Unnamed: 0,model,RMSE_train,RMSE_validate
0,baseline_mean,389831.755763,382873.659124
1,ols_regression,310510.727308,304374.085637
2,LassoLars,310511.337222,304375.596423


## Polynomial Regression

### Features

In [13]:
# make the polynomial features to get a new set of features
pf = PolynomialFeatures(degree = 4)

# fit and transform X_train_scaled
X_train4 = pf.fit_transform(X_train)

# transform X_validate_scaled & X_test_scaled
X_validate4 = pf.transform(X_validate)
X_test4 = pf.transform(X_test)

In [14]:
#Creating an empty list for the error calculations:
error = []

# create the model object
lm2 = LinearRegression(normalize=True)

# fit the model to our training data.
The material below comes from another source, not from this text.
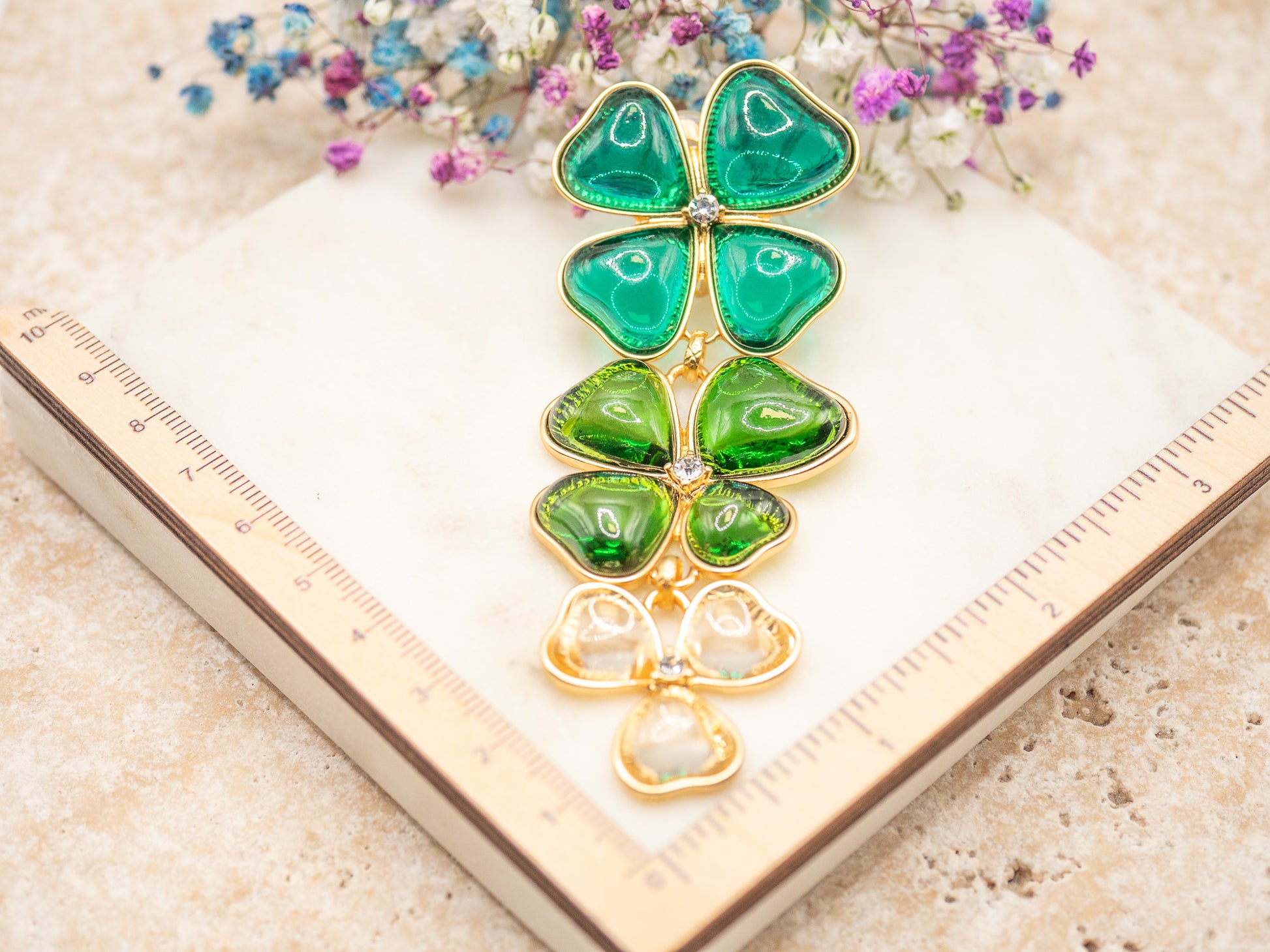 • Matériaux : Résine colorée translucide (pétales), zirconiums centraux (~0,3 cm), monture en plaqué or 18 carats.

We must specify the column in y_train, 
# since we have converted it to a dataframe from a series! 
lm2.fit(X_train4, y_train.tax_value)

# predict train
y_train['poly_pred'] = lm2.predict(X_train4)

# evaluate: rmse
rmse_train = mean_squared_error(y_train.tax_value, y_train.poly_pred) ** 0.5

# predict validate
y_validate['poly_pred'] = lm2.predict(X_validate4)

# evaluate: rmse
rmse_validate = mean_squared_error(y_validate.tax_value, y_validate.poly_pred) ** 0.5

#Creating a dictionary of polynomial stats:
polynomial_regressor = {
    'model':'poly_regressor',
    'RMSE_train': mean_squared_error(y_train['tax_value'], y_train['poly_pred']) ** (0.5),
    'RMSE_validate': mean_squared_error(y_validate['tax_value'], y_validate['poly_pred']) ** (0.5)
}

#Adding the tweedie_regressor stats to the empty list:
error.append(polynomial_regressor)
#Converting the list to a DataFrame:
error = pd.DataFrame(error)

#Concatenating the RMSE DataFrames, ignoring index so it auto-updates in the final DataFrame:
results = pd.concat([results, error], ignore_index = True)
results

Unnamed: 0,model,RMSE_train,RMSE_validate
0,baseline_mean,389831.755763,382873.659124
1,ols_regression,310510.727308,304374.085637
2,LassoLars,310511.337222,304375.596423
3,poly_regressor,298114.181354,296797.160662


# Polynomial Model: Test

In [15]:
#Creating an empty list for the error calculations:
error = []

# create the model object
lm2 = LinearRegression(normalize=True)

# fit the model to our training data. We must specify the column in y_train, 
# since we have converted it to a dataframe from a series! 
lm2.fit(X_train4, y_train.tax_value)

# predict train
y_train['poly_pred'] = lm2.predict(X_train4)

# evaluate: rmse
rmse_train = mean_squared_error(y_train.tax_value, y_train.poly_pred) ** 0.5

# predict test
y_test['poly_pred'] = lm2.predict(X_test4)

# evaluate: rmse
rmse_validate = mean_squared_error(y_test.tax_value, y_test.poly_pred) ** 0.5

#Creating a dictionary of polynomial stats:
polynomial_regressor = {
    'model':'poly_regressor',
    'RMSE_train': mean_squared_error(y_train['tax_value'], y_train['poly_pred']) ** (0.5),
    'RMSE_test': mean_squared_error(y_test['tax_value'], y_test['poly_pred']) ** (0.5)
}

#Adding the tweedie_regressor stats to the empty list:
error.append(polynomial_regressor)
#Converting the list to a DataFrame:
error = pd.DataFrame(error)

#Concatenating the RMSE DataFrames, ignoring index so it auto-updates in the final DataFrame:
results = pd.concat([results, error], ignore_index = True)
results

Unnamed: 0,model,RMSE_train,RMSE_validate,RMSE_test
0,baseline_mean,389831.755763,382873.659124,
1,ols_regression,310510.727308,304374.085637,
2,LassoLars,310511.337222,304375.596423,
3,poly_regressor,298114.181354,296797.160662,
4,poly_regressor,298114.181354,,304171.807861


In [16]:
test_performance = (results.RMSE_validate[0] - results.RMSE_test[4]) / results.RMSE_validate[0]
print(f"The model beats the baseline by {round((test_performance * 100),2)}%.")

The model beats the baseline by 20.56%.